Transcribe the entries below word for word, beginning at the line with "If you would" and stopping after the line with "Aeronca 11AC Chief Insulated Engine Cover"; drop all pictures.

§ §

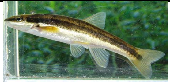
Blacknose Dace Rhinichthys atratulus
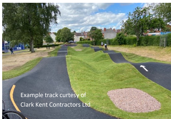
Example track courtesy of Clark Kent Contractors Ltd

If you would like more information, please contact groundsmaintenance@westberks.gov.uk
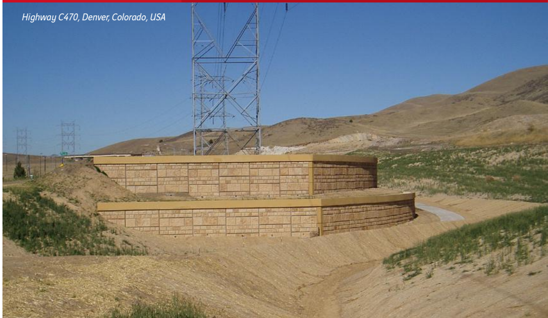
Highway C470, Denver, Colorado, USA
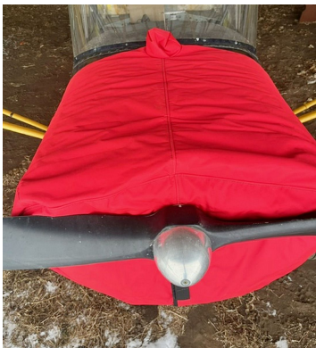
Aeronca 11AC Chief Insulated Engine Cover

This cover type is made from Silver Acrylic Sunbrella canvas and is 100% lined with a soft and smooth microfiber. Bruce's Custom Covers developed this material combination especially for aircraft protection. The outer material is medium weight and treated for water resistance, UV resistance and anti-static buildup. The inner lining is a very soft and smooth microfiber to prevent scratching. The material is very reflective, and tests show that the cabin interior temperature can be reduced to near-ambient temperature on the hottest of days. It is water, ice and snow repellent, yet breathable to allow moisture to escape from between the cover and the aircraft surface.
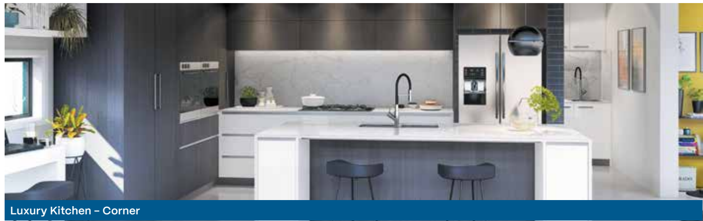
Luxury Kitchen – Corner
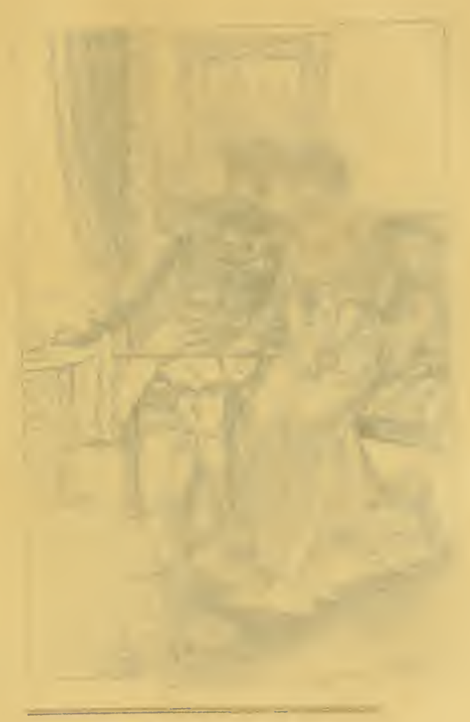
"It was not he, but she, who became embarrassed."
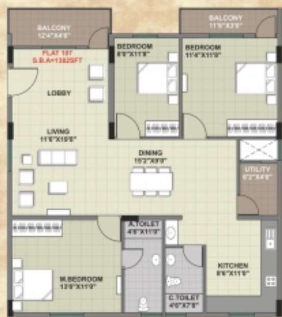
107, 207, 307, and 407 - 3BHK 1382 Sft.(West)
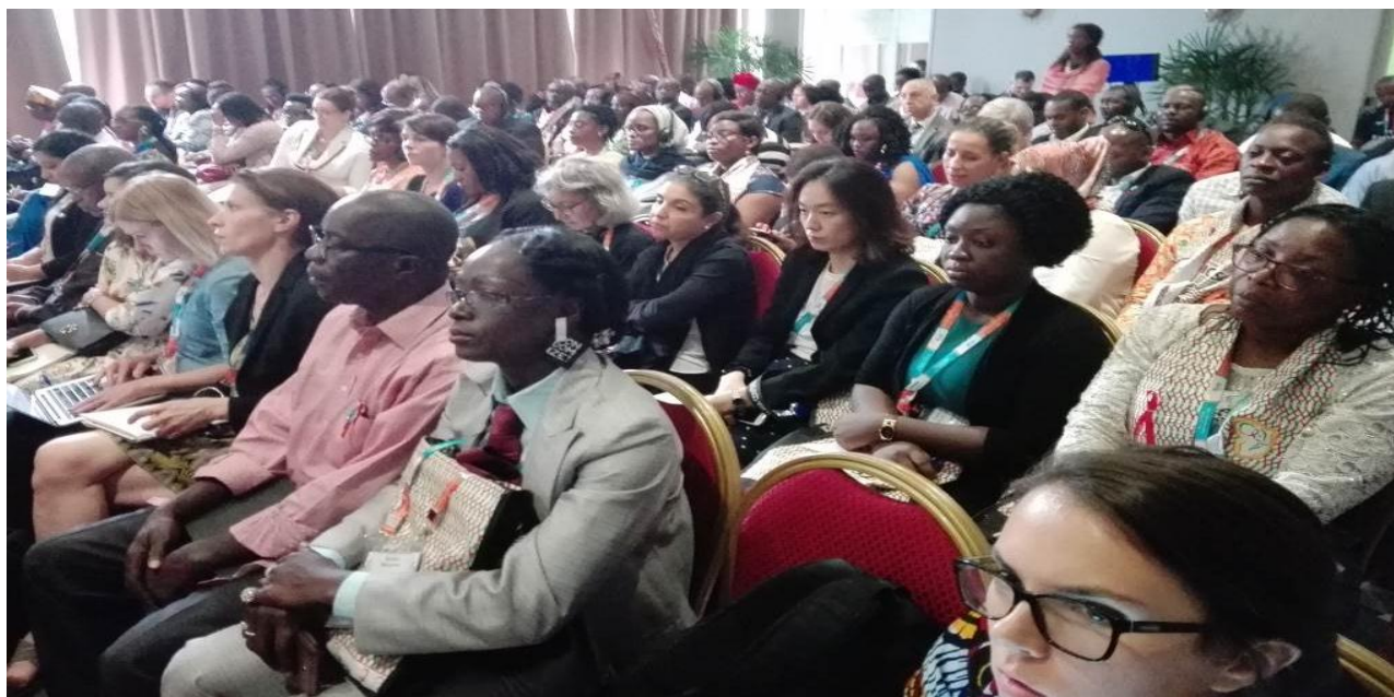
Delegates in the fully attended UNAIDS-AMICAALL Satellite session on Fast Track Cities Initiative

e) Dialogues meetings; A total of 23 dialogue meetings were held and 599 (317 Males and 282 Females) individuals among sex workers, miners, boda boda cyclists, truck drivers and youth out of school were sensitized on HIV and SRHR services and issues. AMICAALL worked with local leaders in Karamoja to identify individuals among the targeted beneficiaries that participated in the dialogues. The dialogue sessions were aimed at increasing awareness, risk perception and impacting comprehensive knowledge. During the dialogues, a number of misconceptions and emerging behaviors that could increase risk of HIV infections and affect treatment adherence were documented and addressed. These included;
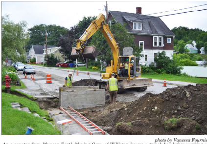
An excavator from Munson Earth Moving Corp. of Williston lowers a trench box before working on installing a new fire hydrant Friday. This was the last of the main waterline installations for Church Street, Maple Street, Slaggy Hill and Vermont Avenue. Spot paving is scheduled to begin this week.
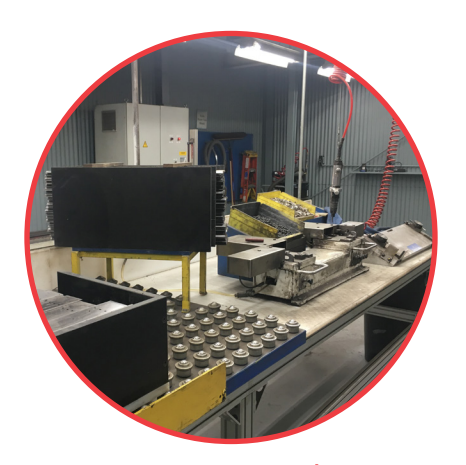
1-3 personnel 12 hrs / day
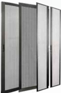
Curved-Face Vented-Flush French-Flush

AMCO Enclosures offers standard color choices (up to 2 per console) for no extra charge. Custom colors are available and quoted upon request.
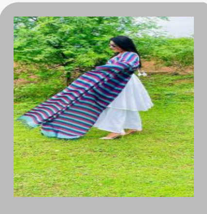
Striped Pattern Mercerised Cotton Dupatta
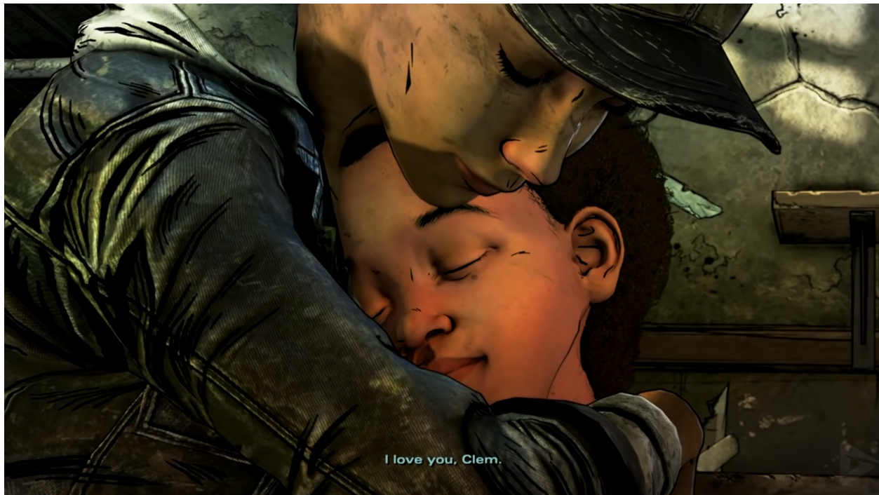
Figure 6. Clem and AJ share a tender moment. Screenshot taken from The Walking Dead: The Final Season

Importantly, although there is a lot of violent action in the final season, there are also several moments of teaching, caretaking, and tenderness between Clem and AJ. For example, AJ asks Clem how to get rid of his trauma, admits how terrified he is of losing her, and they say “I love you” to each other and hug (see Figure 6 ). These moments echo the interactions between Lee and Clem in S1 and send the message that Clem is a good mother, just as Lee was a good father.

§ §

:: EXERCISE OUTPUT ::
If you would like more information, please contact groundsmaintenance@westberks.gov.uk
Highway C470, Denver, Colorado, USA
Aeronca 11AC Chief Insulated Engine Cover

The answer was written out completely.